## RECORDS

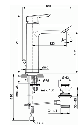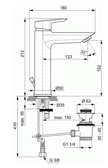 Tesi, смеситель для умывальника, неповоротный излив, с донным клапаном, хром, арт. A6563AA, Ideal Standard
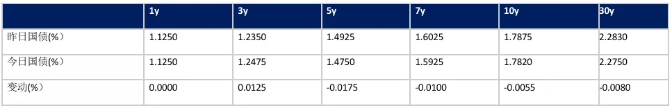 国债方面 1.83Y 250005 1.215; 3.75Y 250003 1.39-1.40;5.91Y 250007 1.5525-1.56; 9.33Y 250016 1.778-1.7825; 29.33Y 2500006 2.266-2.278。
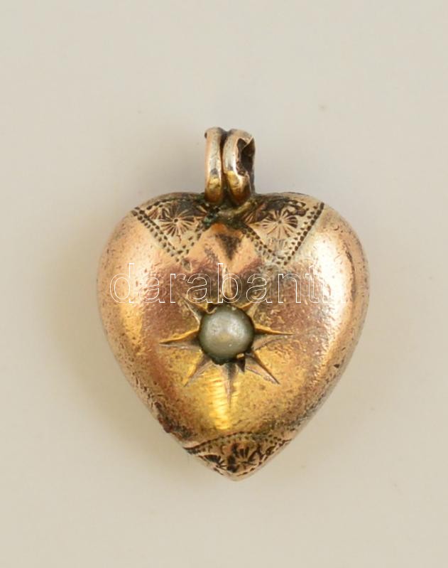 Leírás: Arany(Au) 14K szív alakú függő, gyöngy díszítéssel, kopásnyomokkal, jelzett, 1,3x1 cm, bruttó: 1 g
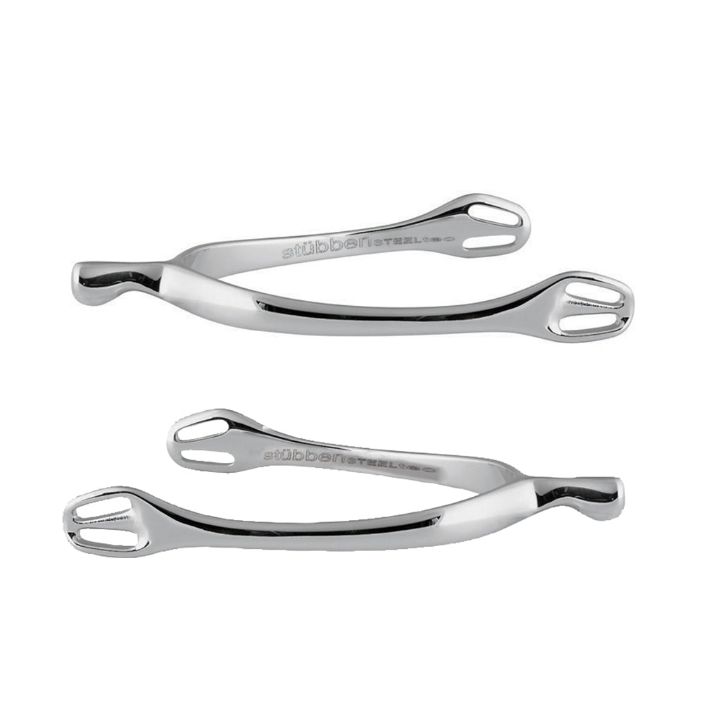 Stübben Steeltec Dynamic Spurs are made from a flexible stainless steel to fit both men and women. A V-shaped heel fits snugly while the offset spur strap loops help to alleviate ankle bone pressure. Made with Stubben’s signature quality and great for schooling or show. 25mm neck. Pair.
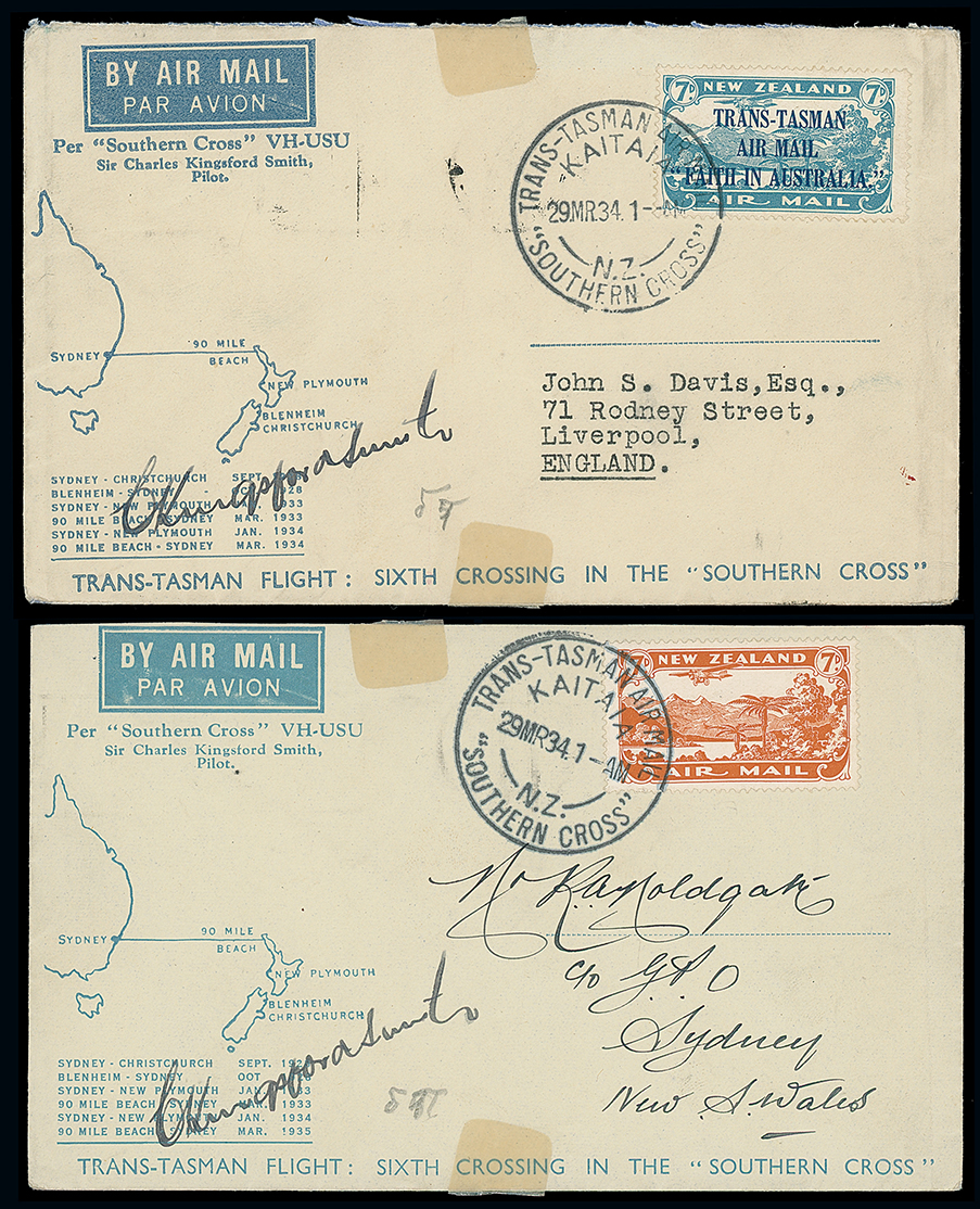 New Zealand: 1934 (Mar.) 6th Trans-Tasman printed flight covers to Sydney or Liverpool each franked 7d. (one with Trans-Tasman) overprint) and each tied by “KAITAIA” dated cachets and signed at left by
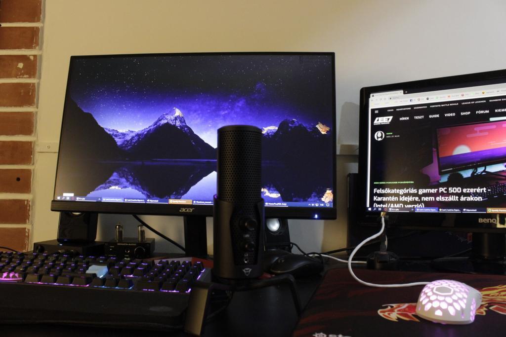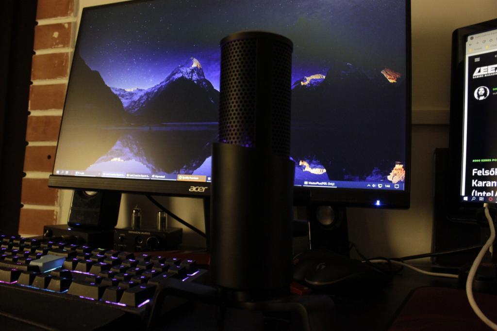 Mivel ajándékba kaptunk egy mutatós (+állítható) fém talpat, így kíváncsiságból megnéztem, hogy milyen minőséget produkál fél méterről a mikrofon. Egy magasabb belmagasságú szobában készült a teszt, aminek köszönhetően bizony hallható, hogy a hangszigetelés nem a legjobb és akkor még finoman fogalmaztam. Ennek köszönhetően kicsit dobozhangot kapunk, ami bár jóval dinamikusabb, mint az előbb hallott Cloud mikrofonjáé. Játék közben kevésbé érthető. Röviden ez így nem az igazi.

## ABOUT THIS EXERCISE
Repeat the lines exactly as they stand, from the opening line of the data through the line with "New Zealand: 1934". Pictures stay out of the copy.

## ANSWER BELOW
 Tesi, смеситель для умывальника, неповоротный излив, с донным клапаном, хром, арт. A6563AA, Ideal Standard
 国债方面 1.83Y 250005 1.215; 3.75Y 250003 1.39-1.40;5.91Y 250007 1.5525-1.56; 9.33Y 250016 1.778-1.7825; 29.33Y 2500006 2.266-2.278。
 Leírás: Arany(Au) 14K szív alakú függő, gyöngy díszítéssel, kopásnyomokkal, jelzett, 1,3x1 cm, bruttó: 1 g
 Stübben Steeltec Dynamic Spurs are made from a flexible stainless steel to fit both men and women. A V-shaped heel fits snugly while the offset spur strap loops help to alleviate ankle bone pressure. Made with Stubben’s signature quality and great for schooling or show. 25mm neck. Pair.
 New Zealand: 1934 (Mar.) 6th Trans-Tasman printed flight covers to Sydney or Liverpool each franked 7d. (one with Trans-Tasman) overprint) and each tied by “KAITAIA” dated cachets and signed at left by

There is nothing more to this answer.